14 TOWARDS THE GREAT ICE, part 1

No one knows why the Great Ice exists.  It is of course well known that as we ascend a mountain, it gets colder.  But although the mountains at the Great Ice are high, philosophers have opined that this would not be enough to produce an ice mountain, and certainly not one as extraordinary as the Great Ice. 

We also know that the air gets colder as we go further south, and conversely warmer as we go further north, but we do not know why this is so.  The nights are longer in winter, the further south we go, but in summer the days also are longer, and for a brief few weeks or months, it is almost warm, even in the far south.  Yet it is not warm enough to melt the Great Ice, though there are reports that the ice rivers flowing footlength-by-footlength sluggishly down from the peaks of Great Ice, melt at their ends, the source of rivers, and that these rivers flow more strongly in summer. 

There are some who say that the Great Ice is expanding, generation by generation, and that it will one day cover the whole of the Inner Sea.  There are others who deny this.  Such reports as there are, from the time of Fanuiloth the Great, do not give any indication that the Great Ice was smaller then than it is now.  To find out the truth will require a full expedition, and the Yarsfelders are chancy folk to deal with.

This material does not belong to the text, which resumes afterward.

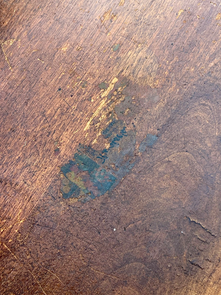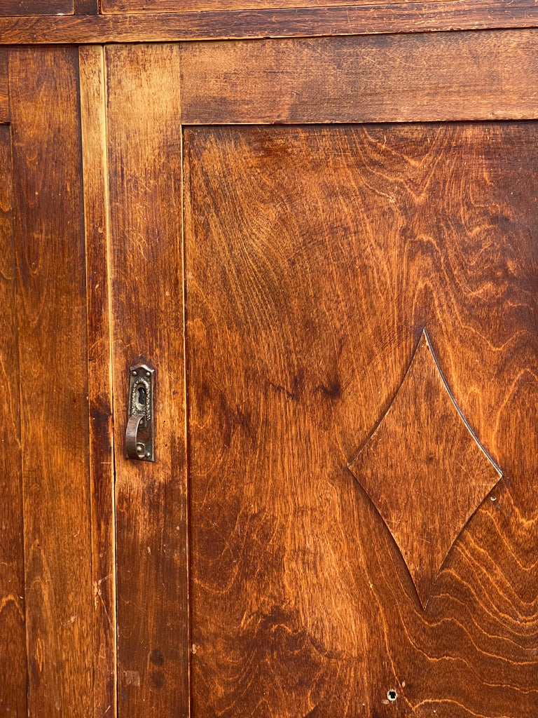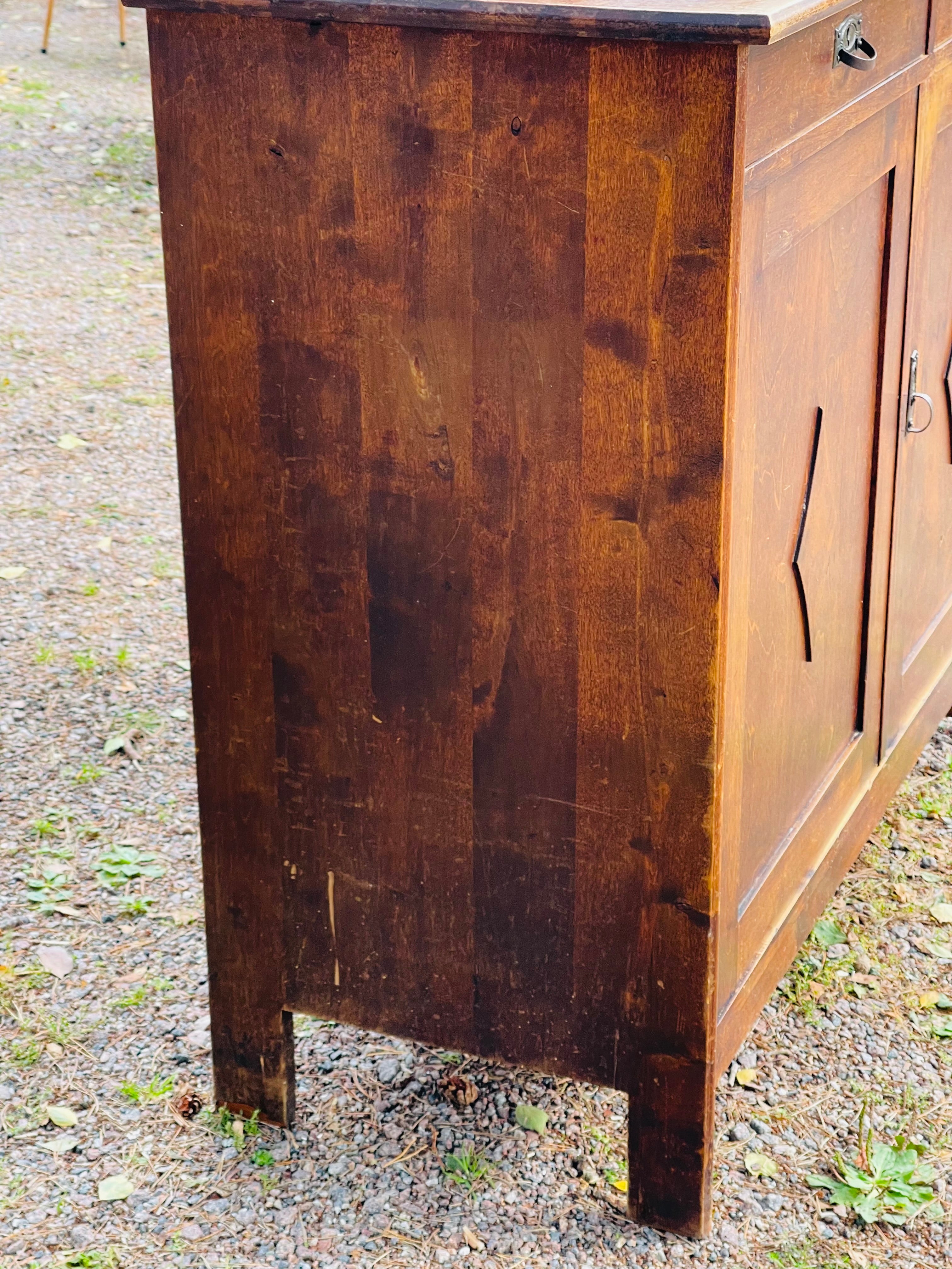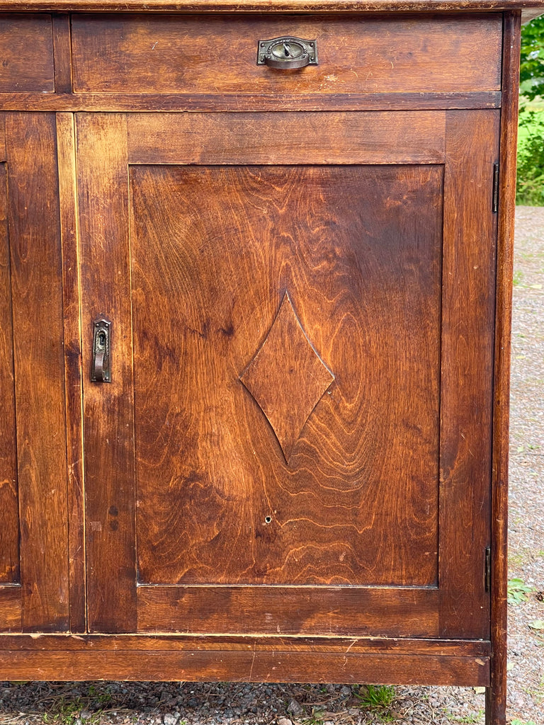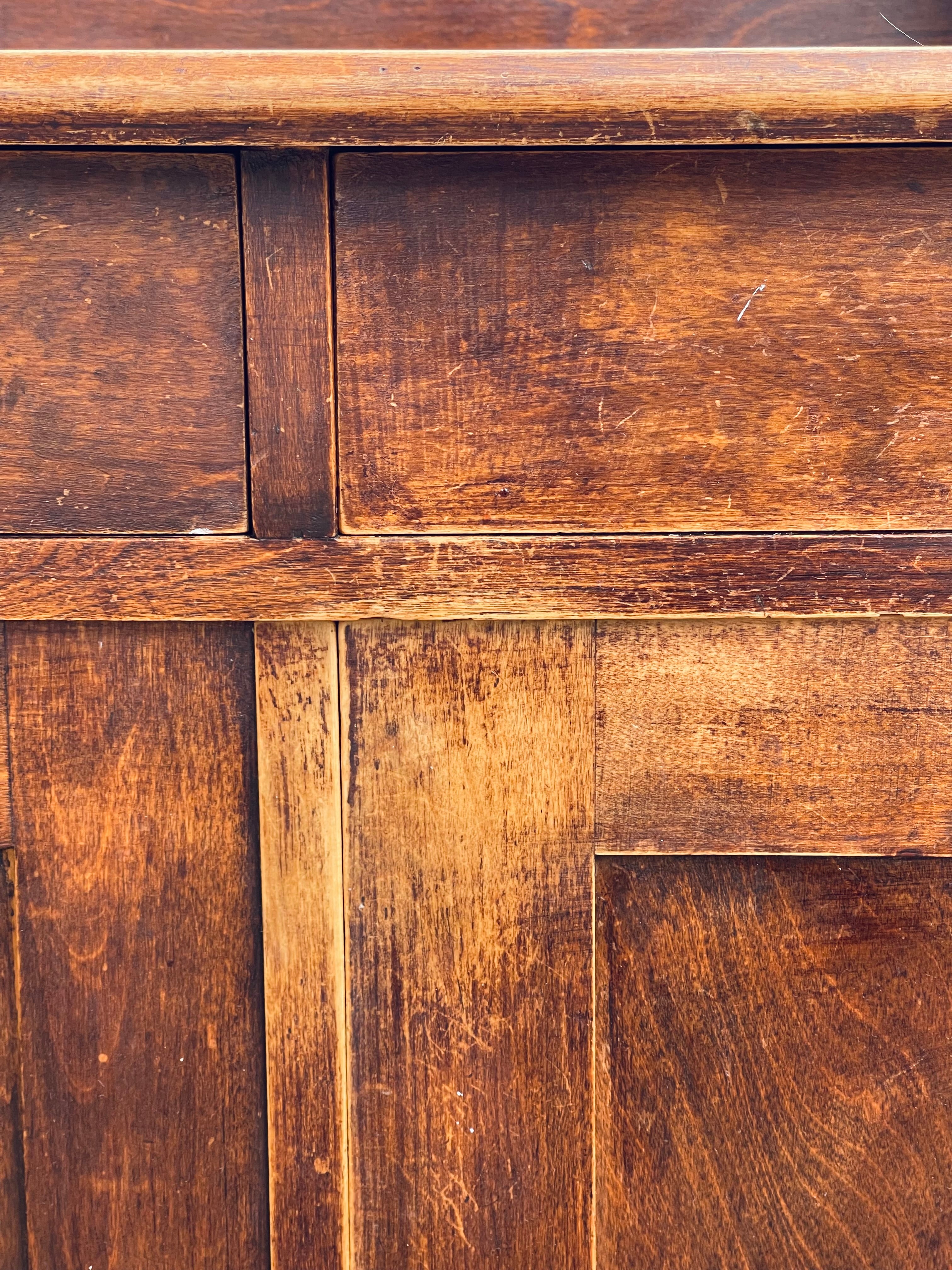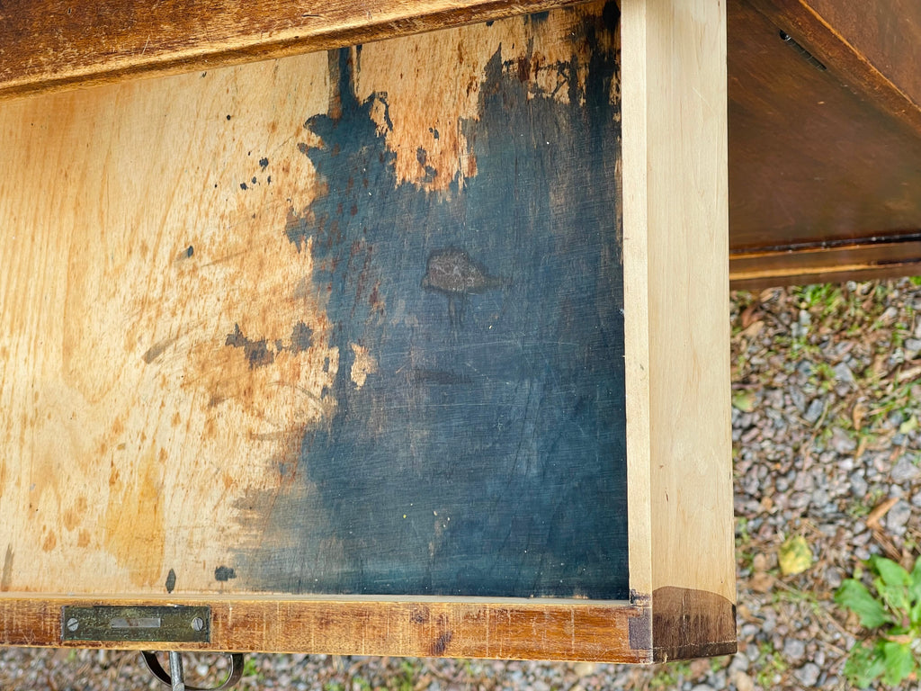Glasdörrarna har några djupare repor och spegeln har spår av fukt i folieringen men det enda som egentligen är att anmärka är att någon i tiderna gjort ett hål (av okänd anledning) i ena dörren (se bilder). Uppe på bordsskivan finns lämningarna efter en gammal tidning, det var så charmigt så jag har inte brytt mig om att skrapa bort den. Utöver det är det en ovanligt trevlig skänk med fin patina.

Katya ys Jorac – The Geography and Peoples of the Inner Sea

Steppan approached the door, and, standing a footlength away from it, summoned from his memory the forms for fire.  He pulled the fire out of the otherworld, concentrating it more and more, until he had two fiercely glowing orbs, about one footlength in diameter, floating above each hand.  He could feel the palms of his hands burning, but he closed his mind to the pain.  He flung one of the tightly bound furnaces against the door.  It burnt its way instantly through the wood and struck the ice bear.  The ice bear screamed in agony.  Steppan threw the other burning orb through the same hole, and when this touched the bear, it expanded into a bonfire of flame.

Here was the risk:  would it burn through the wood of the door?  Had he made a funeral pyre for them all?

But the ice bear shrieked again and blundered away to roll in the snow, taking the flames with it.  But these flames were magical.  They would not be extinguished by snow, but only by a counter spell.  He’d hoped that, though these fell creatures might be in themselves formed by a foul and evil magic, that they would not have the power to offset what he had done.

He cupped his mouth to the hole, and spoke in Elvish, and then repeated himself in Capporean.  “Leave us alone.  I have greater powers still than what you have just seen.  We are not your weak and unprotected prey.  Leave us alone and you will be safe.”  He spoke slowly so that they might hear every word.  He turned away, took a step back towards his bunk, then fell to the floor, insensible.  In his darkness, he could still feel the pain in his hands, but his mind protected him from the agony.  Unaware of what he was doing, and all that was happening around him, he lay motionless on the stone floor, only his whimpering and ragged breathing showing he was yet alive, so deep was his coma. 

So he did not hear the reply whispered through the door.  “You have bested us tonight, but you will not escape us.”  Somehow, the whisper was more frightening than a bellow would have been.  Yet, how could this creature speak Capporean, when the wargs had only communicated with each other in yips and howls?  Magritta did not doubt that magic, evil magic, was involved.  There came the sound of someone or something urinating against the door, like a dog, to mark his territory, and show his contempt, followed by yips and howls as the wargs moved away over the ice into the dark.